Let anyone, moreover, refer to the observations of Lubbock upon roots, and he will at once admit that a certain number among them can scarcely be common to all languages. Those who hold that language is not of divine origin, but a human invention and creation, cannot help adopting the conclusions of the learned Englishman on this point. Now, however few these radical differences may be, they necessarily involve irreducibility, which cannot, however, on that account be invoked as an argument against monogenism.

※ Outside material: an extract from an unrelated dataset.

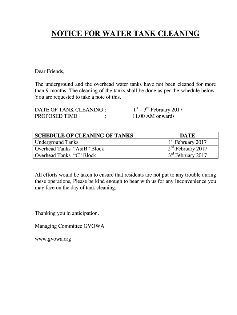 NOTICE FOR WATER TANK CLEANINGDear Friends, The underground and the overhead water tanks have not been cleaned for more than 9 months. The cleaning of the tanks shall be done as per the schedule below.

In support of this conclusion, I am fortunate enough to be able to appeal to the testimony of a judge, both competent and trustworthy. Whitney, in his work upon “The Life of Language,” has examined the same question. With Crawfurd and M. Hovelacque, the American linguist admits that there are linguistic families which cannot be referred to a common origin. He does not, however, stop at the bare fact; he demonstrates and discusses the causes of it. He then gives, in the following terms, the general conclusion of this discussion: “The incompetency of the science of philology to decide upon the unity or diversity of human races appears to be completely and irrevocably demonstrated.”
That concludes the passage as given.